Ultimo aggiornamento: 11:47

“Come sapete, questa settimana si torna a cambiare orario, un’altra volta. Non vedo alcun senso. E se si considerano i sondaggi che coinvolgono spagnoli e europei, la maggioranza è contraria al cambio di orario”. Il primo ministro spagnolo Pedro Sanchez, in un video pubblicato sui social, ribadisce la sua posizione sull’inutilità del passaggio dall’ora legale all’ora solare, che scatterà alle 3 di notte notte tra sabato 25 ottobre e domenica 26 e farà spostare indietro le lancette di un’ora. Poi, a marzo, ci sarà il procedimento inverso col ritorno all’ora legale con lo spostamento delle lancette in avanti. Per Sanchez, tutto questo non ha più senso e proporrà al Consiglio Europeo del 23 ottobre la soppressione del cambio dell’ora, in linea con quanto approvato sei anni fa dal Parlamento europeo. Peraltro in Spagna il 66% della popolazione è a favore della soppressione dell’ora legale. Sanchez non ha specificato se preferisca rimanere con l’ora legale fissa o quella solare.

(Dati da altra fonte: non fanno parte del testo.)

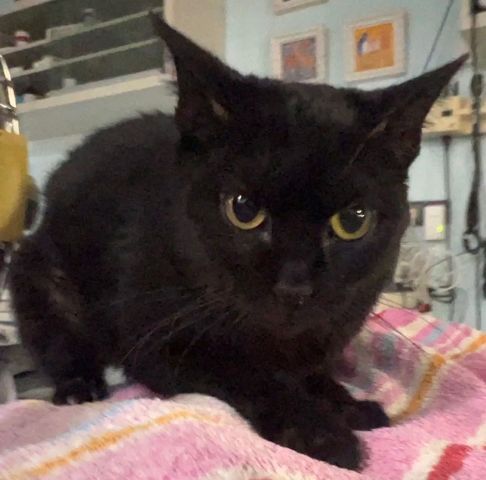 Unsere Carrie wurde ungefähr im Mai 2022 in Spanien geboren. Ihr Fell ist schwarz, ihre weißen Barthaare bilden einen schön anzusehenden Kontrast dazu und sie hat wunderschöne bernsteinfarbene Augen. Carries Mutter lebte in einer Katzenkolonie, um die sich Freiwillige kümmern. Kurz nach ihrer Geburt erkrankte Carrie; man versuchte ihr zu helfen, indem man immer wieder ihre Augen und ihre Nase säuberte, aber leider genügte das nicht und Carries Augen und Nasenlöcher waren ständig verstopft. Ihr Zustand verschlechterte sich beständig und sie konnte kaum fressen, daher wurde sie zu einem Tierarzt gebracht. Dieser untersuchte sie und bedauerlicherweise wurde festgestellt, dass Carrie an FIV erkrankt ist. Weil Carrie neurologische Symptome aufwies und eine gelbliche Haut hatte, wurden weitere Untersuchungen gemacht. Es stellte sich heraus, dass sie eine geschwollene Leber und eine vergrößerte Milz hatte und unter Verstopfung litt. Daraufhin wurde sie mit einer Leberdiät behandelt.

La pianificazione attuale dell’Ue rispetto a questo cambio termina nel 2026, per cui il Governo iberico ritiene sia un’opportunità per porre la questione sul tavolo. Si evidenzia, inoltre, che oltre all’approvazione, nel 2019, da parte del Parlamento Europeo dell’eliminazione dell’ora legale, un anno prima la proposta era stata avanzata dalla Commissione europea, dopo un referendum cittadino al quale parteciparono 4,6 milioni di persone, delle quali l’84% si espresse a favore di porre fine allo spostamento delle lancette di un’ora. Tuttavia la decisione non è stata attuata per la mancanza di consenso fra i Ventisette, poiché c’è bisogno di una maggioranza qualificata nel Consiglio Europeo, anche se è probabile che si cercherà di raggiungere l’unanimità, spiegano fonti governative a LaPresse. Secondo Madrid, l’evoluzione dell’economia, la tecnologia e le abitudini sociali hanno reso obsoleto il cambio dell’ora legale d’estate e d’inverno coordinato a partire dal 1980 dalla Comunità Economica Europea fra i Paesi membri per approfittare di più delle ore di luce, ridurre il consumo di energia e armonizzare il funzionamento del mercato comune. Con l’iniziativa, l’esecutivo di Pedro Sanchez intende inviare il messaggio chiaro che gli Stato membri dell’Ue devono ascoltare la cittadinanza, l’evidenza scientifica e aggiornare le politiche al ritmo dei tempi.